=== Supplied information ===

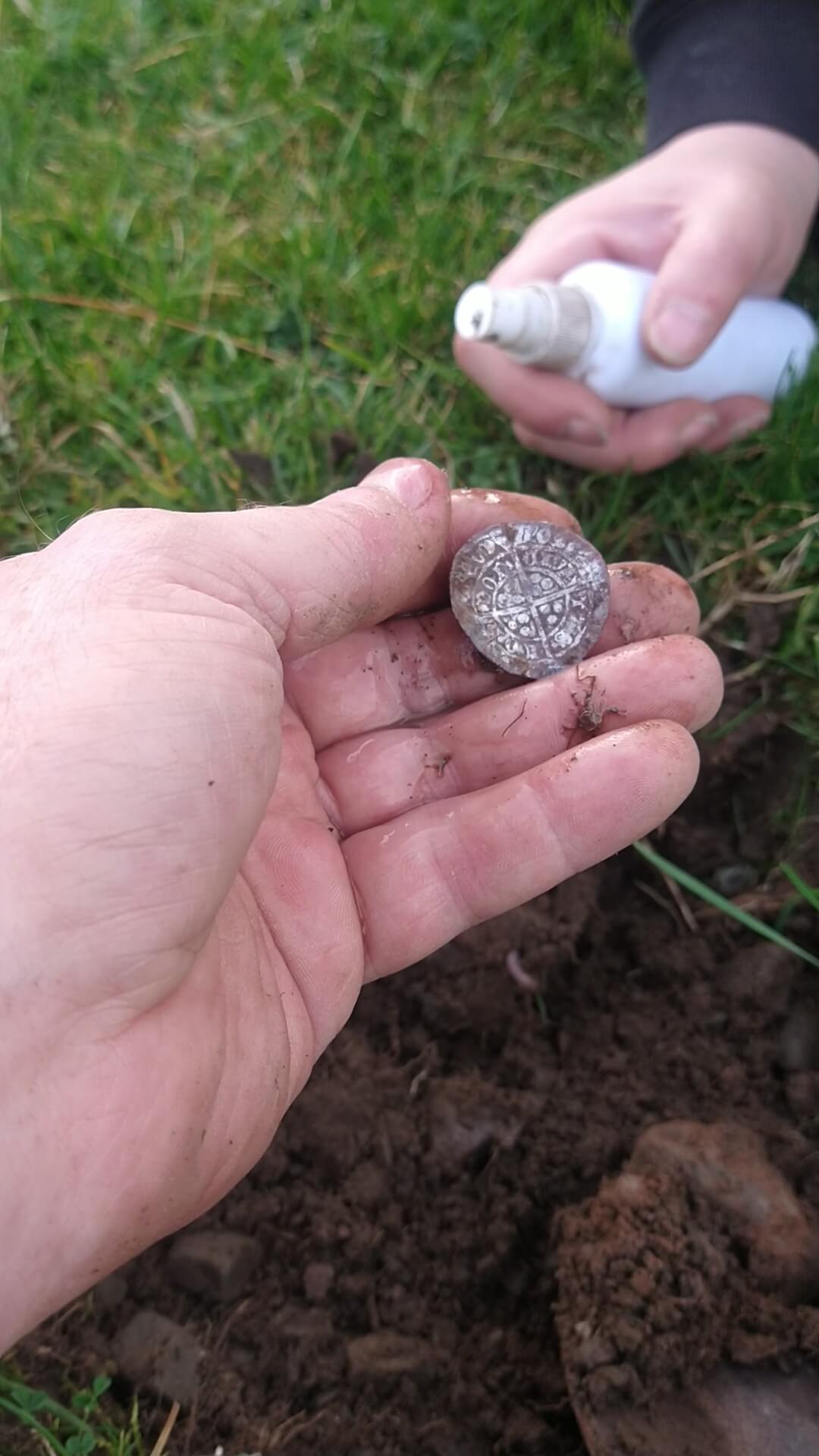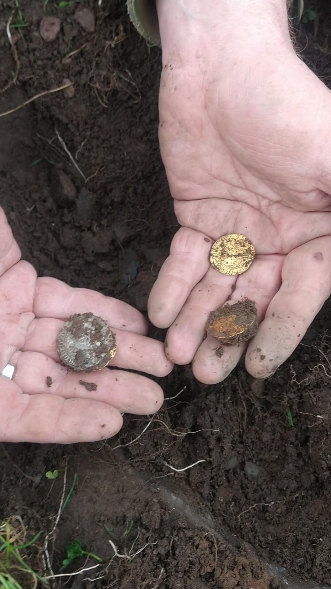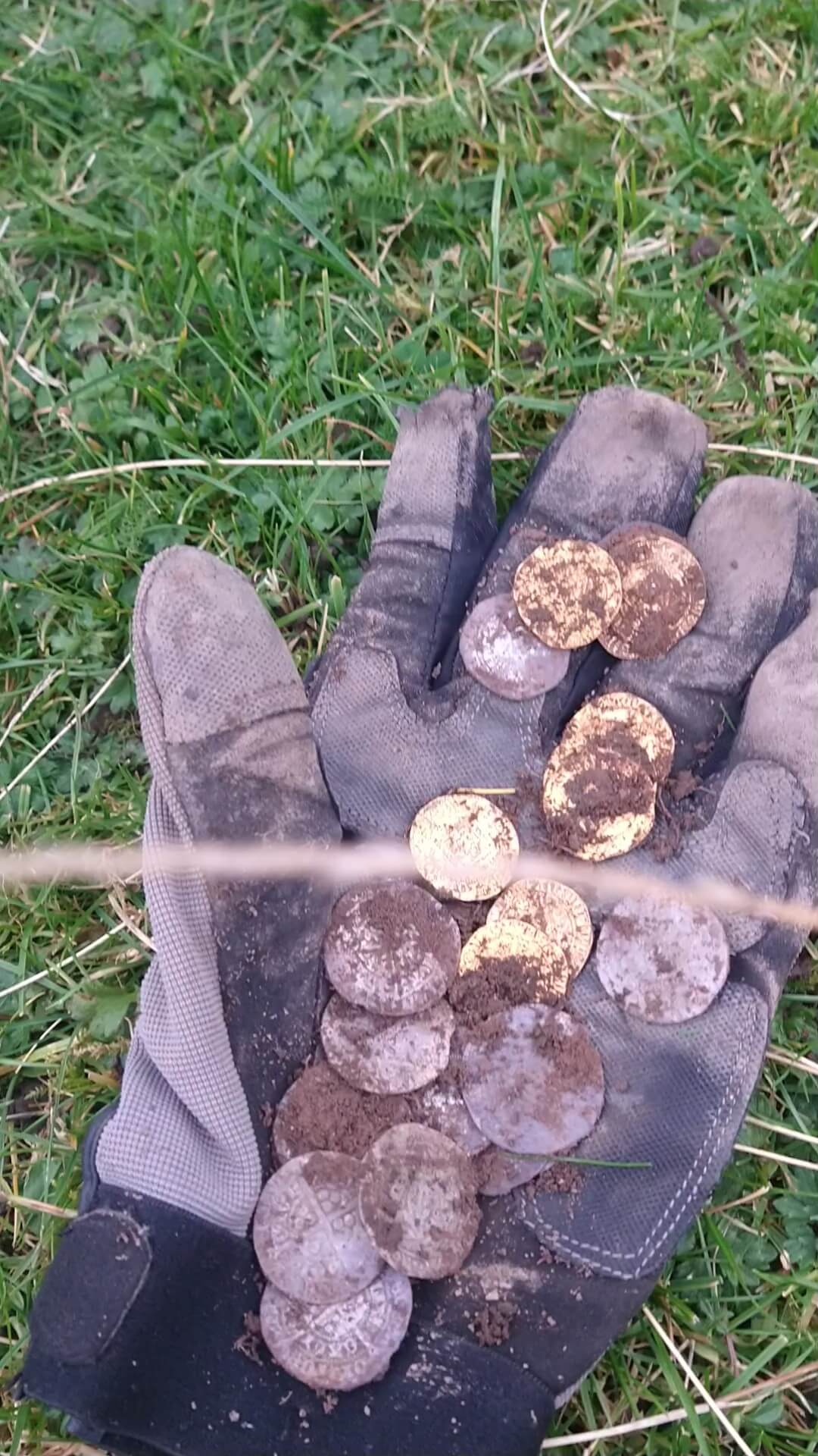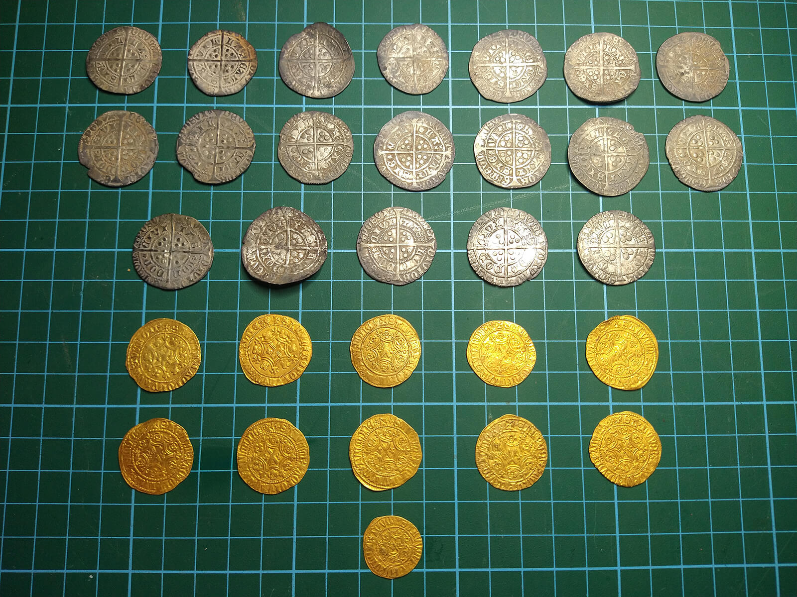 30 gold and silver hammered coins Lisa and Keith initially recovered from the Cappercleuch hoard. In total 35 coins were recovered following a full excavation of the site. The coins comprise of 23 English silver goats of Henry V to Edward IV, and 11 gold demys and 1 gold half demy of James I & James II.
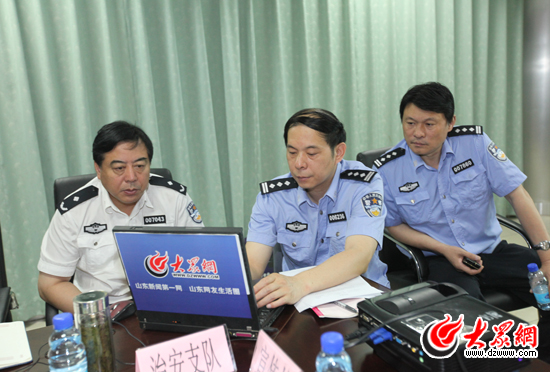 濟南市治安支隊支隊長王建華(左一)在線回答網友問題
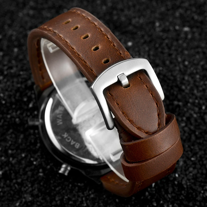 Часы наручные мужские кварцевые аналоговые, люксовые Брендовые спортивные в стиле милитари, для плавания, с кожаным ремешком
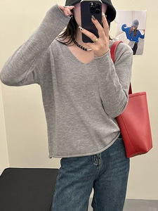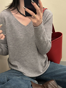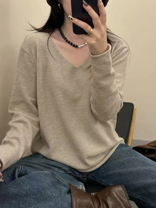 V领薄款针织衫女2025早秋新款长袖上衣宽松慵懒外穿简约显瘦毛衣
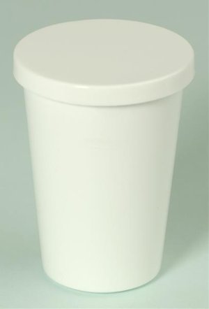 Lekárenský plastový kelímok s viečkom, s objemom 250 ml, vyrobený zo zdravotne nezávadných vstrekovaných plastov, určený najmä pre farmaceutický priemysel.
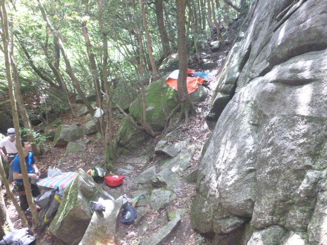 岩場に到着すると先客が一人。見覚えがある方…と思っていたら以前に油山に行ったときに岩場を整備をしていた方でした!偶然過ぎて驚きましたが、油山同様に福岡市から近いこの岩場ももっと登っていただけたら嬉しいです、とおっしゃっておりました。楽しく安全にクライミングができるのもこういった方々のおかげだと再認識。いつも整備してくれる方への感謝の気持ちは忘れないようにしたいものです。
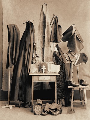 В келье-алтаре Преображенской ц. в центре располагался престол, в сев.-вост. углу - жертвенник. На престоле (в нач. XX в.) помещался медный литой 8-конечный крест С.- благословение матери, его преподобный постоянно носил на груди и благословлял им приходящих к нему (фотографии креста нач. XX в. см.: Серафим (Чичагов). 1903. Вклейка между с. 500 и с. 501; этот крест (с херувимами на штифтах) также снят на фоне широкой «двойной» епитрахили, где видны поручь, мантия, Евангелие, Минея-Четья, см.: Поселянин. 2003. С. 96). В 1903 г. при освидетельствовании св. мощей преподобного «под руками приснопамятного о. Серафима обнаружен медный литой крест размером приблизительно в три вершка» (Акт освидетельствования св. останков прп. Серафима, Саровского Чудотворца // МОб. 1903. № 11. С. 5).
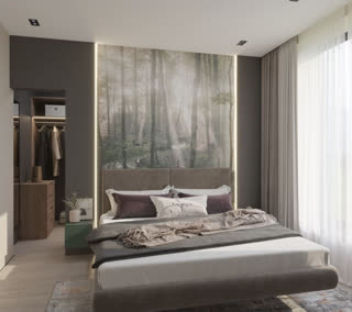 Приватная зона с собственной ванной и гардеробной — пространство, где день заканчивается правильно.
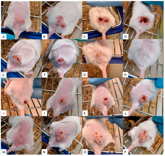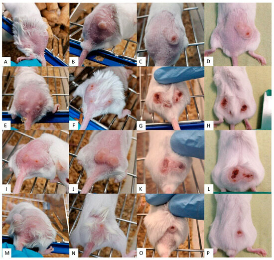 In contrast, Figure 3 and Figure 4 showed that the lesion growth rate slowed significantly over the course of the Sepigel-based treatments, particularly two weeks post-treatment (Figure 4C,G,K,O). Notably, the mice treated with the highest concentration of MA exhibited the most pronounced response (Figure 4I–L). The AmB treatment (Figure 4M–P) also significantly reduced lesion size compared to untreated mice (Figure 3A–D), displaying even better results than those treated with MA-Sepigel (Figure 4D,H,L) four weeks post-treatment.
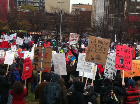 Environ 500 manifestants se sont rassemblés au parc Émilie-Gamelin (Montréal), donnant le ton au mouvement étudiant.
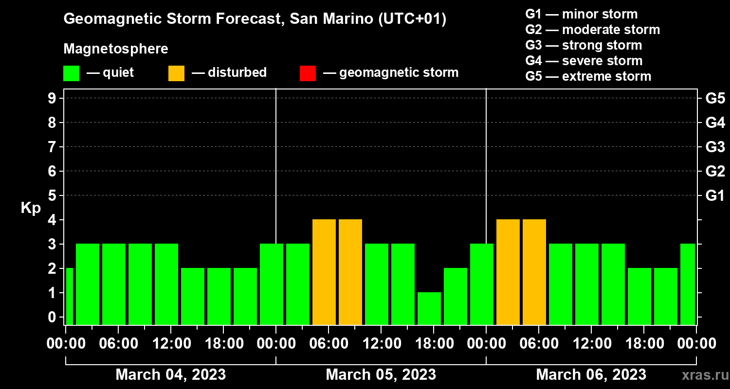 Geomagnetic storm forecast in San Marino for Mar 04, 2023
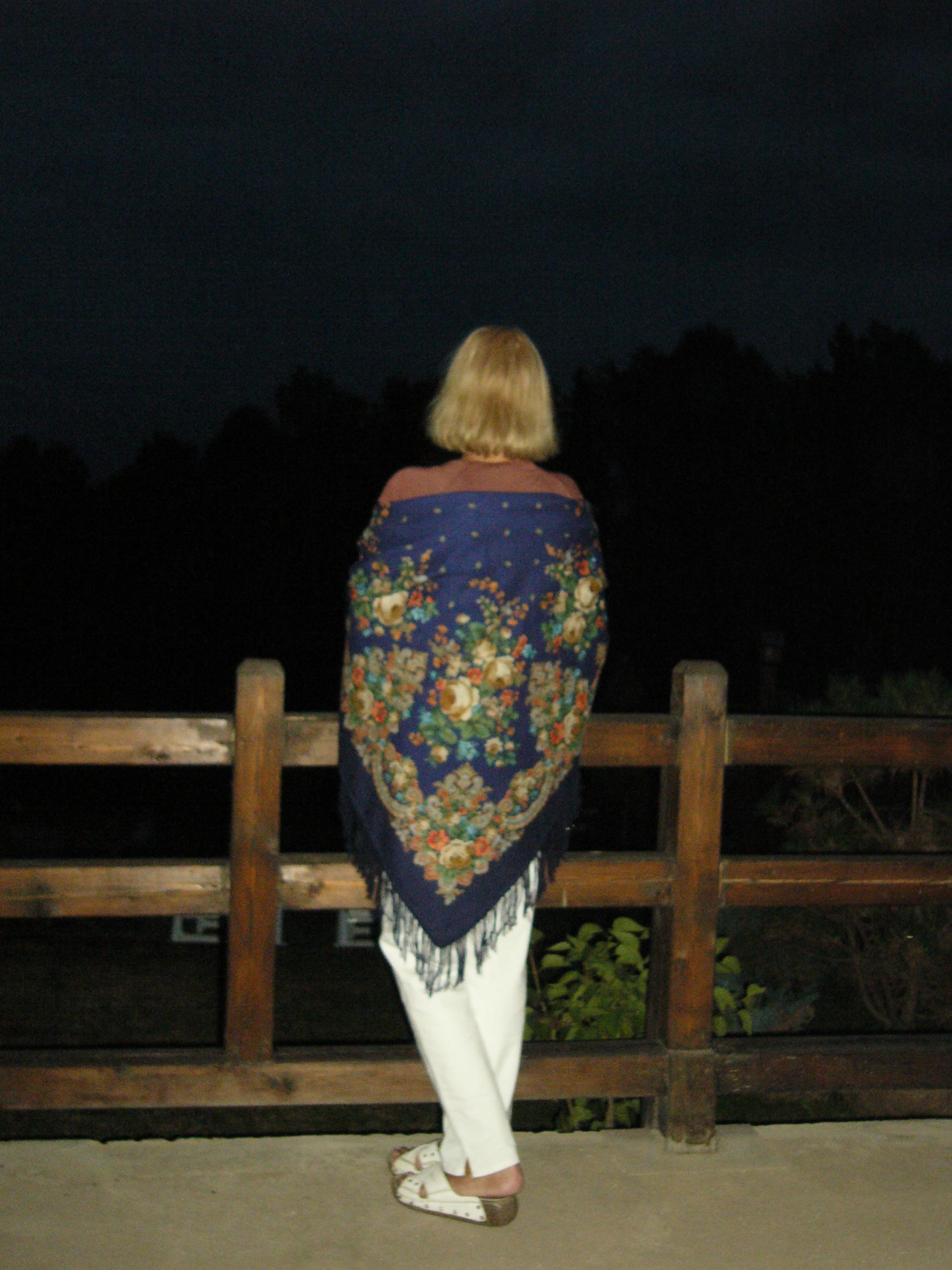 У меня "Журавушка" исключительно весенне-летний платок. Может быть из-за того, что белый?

===

What to do —
The answer must be the data above, repeated exactly, with no pictures.

Output below —
 30 gold and silver hammered coins Lisa and Keith initially recovered from the Cappercleuch hoard. In total 35 coins were recovered following a full excavation of the site. The coins comprise of 23 English silver goats of Henry V to Edward IV, and 11 gold demys and 1 gold half demy of James I & James II.
 濟南市治安支隊支隊長王建華(左一)在線回答網友問題
 Часы наручные мужские кварцевые аналоговые, люксовые Брендовые спортивные в стиле милитари, для плавания, с кожаным ремешком
 V领薄款针织衫女2025早秋新款长袖上衣宽松慵懒外穿简约显瘦毛衣
 Lekárenský plastový kelímok s viečkom, s objemom 250 ml, vyrobený zo zdravotne nezávadných vstrekovaných plastov, určený najmä pre farmaceutický priemysel.
 岩場に到着すると先客が一人。見覚えがある方…と思っていたら以前に油山に行ったときに岩場を整備をしていた方でした!偶然過ぎて驚きましたが、油山同様に福岡市から近いこの岩場ももっと登っていただけたら嬉しいです、とおっしゃっておりました。楽しく安全にクライミングができるのもこういった方々のおかげだと再認識。いつも整備してくれる方への感謝の気持ちは忘れないようにしたいものです。
 В келье-алтаре Преображенской ц. в центре располагался престол, в сев.-вост. углу - жертвенник. На престоле (в нач. XX в.) помещался медный литой 8-конечный крест С.- благословение матери, его преподобный постоянно носил на груди и благословлял им приходящих к нему (фотографии креста нач. XX в. см.: Серафим (Чичагов). 1903. Вклейка между с. 500 и с. 501; этот крест (с херувимами на штифтах) также снят на фоне широкой «двойной» епитрахили, где видны поручь, мантия, Евангелие, Минея-Четья, см.: Поселянин. 2003. С. 96). В 1903 г. при освидетельствовании св. мощей преподобного «под руками приснопамятного о. Серафима обнаружен медный литой крест размером приблизительно в три вершка» (Акт освидетельствования св. останков прп. Серафима, Саровского Чудотворца // МОб. 1903. № 11. С. 5).
 Приватная зона с собственной ванной и гардеробной — пространство, где день заканчивается правильно.
 In contrast, Figure 3 and Figure 4 showed that the lesion growth rate slowed significantly over the course of the Sepigel-based treatments, particularly two weeks post-treatment (Figure 4C,G,K,O). Notably, the mice treated with the highest concentration of MA exhibited the most pronounced response (Figure 4I–L). The AmB treatment (Figure 4M–P) also significantly reduced lesion size compared to untreated mice (Figure 3A–D), displaying even better results than those treated with MA-Sepigel (Figure 4D,H,L) four weeks post-treatment.
 Environ 500 manifestants se sont rassemblés au parc Émilie-Gamelin (Montréal), donnant le ton au mouvement étudiant.
 Geomagnetic storm forecast in San Marino for Mar 04, 2023
 У меня "Журавушка" исключительно весенне-летний платок. Может быть из-за того, что белый?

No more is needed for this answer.